Menurut para alim ulama pada dasarnya tujuan perkawinan adalah membentuk keluarga yang bahagia dan kekal berdasarkan dengan pengertian keluarga sakinah seperti diuraikan Huzaemah. Profesor ahli fiqih yang juga anggota Majelis Ulama Indonesia (MUI) itu berpandangan, sakinah dapat lestari manakala ada mawaddah, yakni kasih sayang. Mawaddah tersebut mesti bersifat altruistik, yakni membahagiakan pasangan. Bukan egositik yang semata ingin mendapat segala kesenangan diri dengan mengabaikan perasaan pasangan, ujar Huzaemah beberapa waktu lalu.

 

Kesimpulan soal perlunya pembatasan poligami ini bertolak dari sodoran data dari Ditjen Bimas (Bimbingan Masyarakat) Islam Departemen Agama (Depag) sebagai bukti empirik yang berkesimpulan bahwa poligami justru meningkatkan angka perceraian.
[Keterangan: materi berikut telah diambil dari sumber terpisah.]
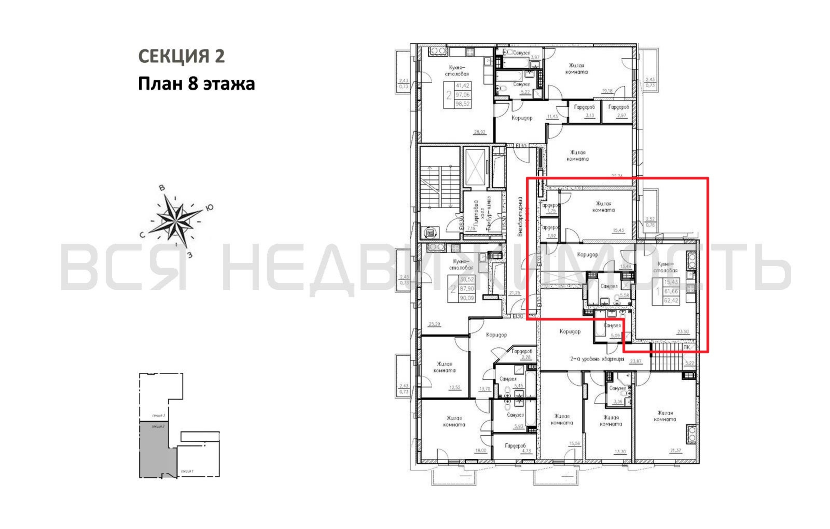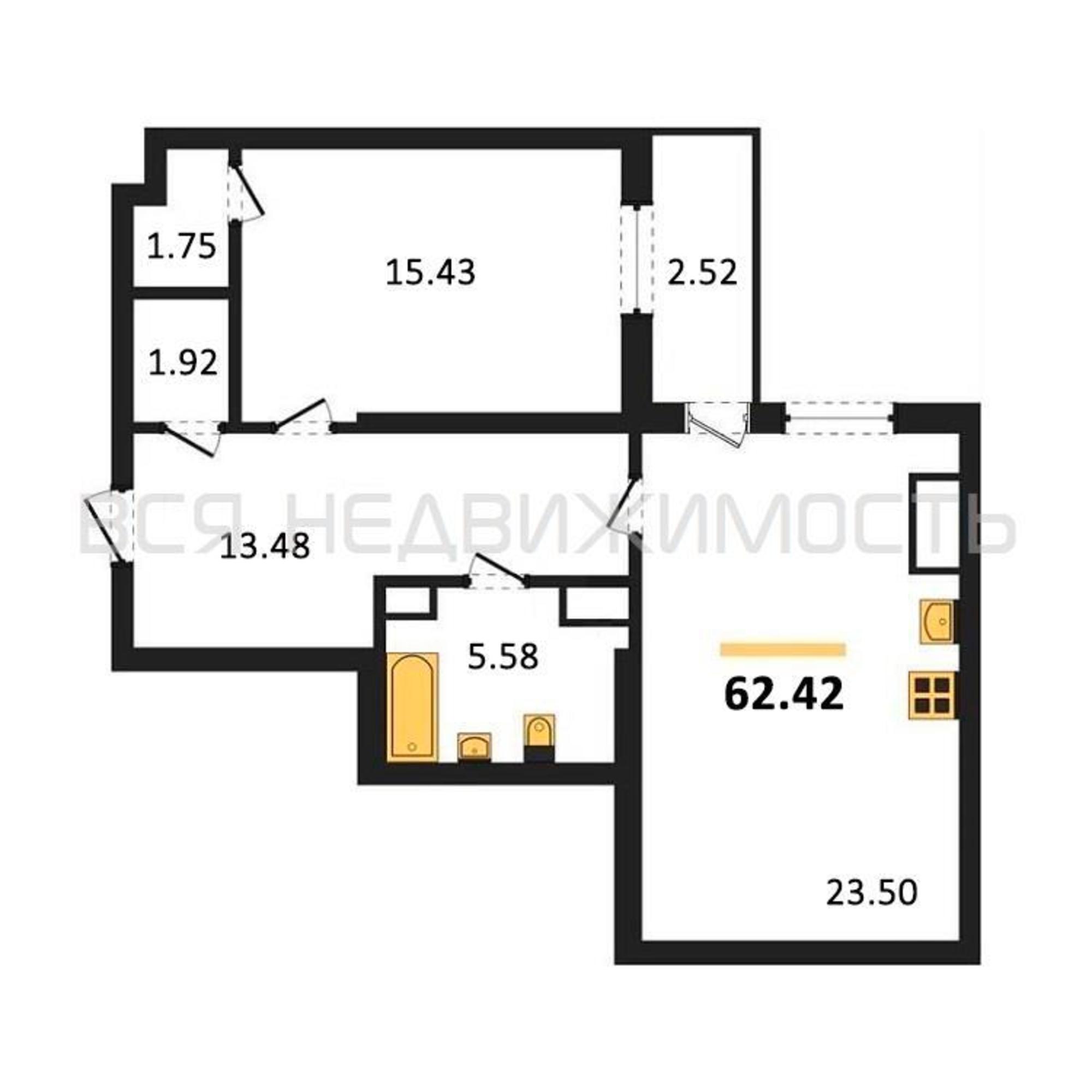 1-комнатная квартира, 62.42 м² 8/9 этаж ID объекта 100129799

Perceraian ini pula bakal menimbulkan persoalan keadilan dalam hal hak-hak anak dan istri.

 

Mengenai dalil pemohon yang mengatakan poligami sebagai pembatasan beribadah, MK mengekor pendapat Ahli  dari pemerintah Prof Quraish Shihab yang menyatakan pada dasarnya Islam menganut asas monogami namun tidak menutup untuk melakukan poligami.

 

Menurut Quraish, meski syarat  berpoligami dalam UU Perkawinan tidak ekplisit mengacu Al-Qur'an dan Sunnah Rasul, namun ketetapan hukum pada UU itu dapat dibenarkan. Sebab, ia selalu berkisar pada illah dan tujuannya, sehingga negara dapat memberikan persyaratan-persyaratan baru yang belum tercantum secara ekplisit dalam ayat-ayat dalam Al-Qur'an dan Sunnah Nabi.

 

Sebagai ibadah, poligami bisa menjadi mubah/halal namun juga bisa berubah menjadi sunnah atau makruh. Hanya saja, 'mimikri' hukum poligami ini bukan disebabkan oleh substansinya, tapi berdasar pada kondisi pelaku, waktu dan latar belakang yang melatarbelakangi.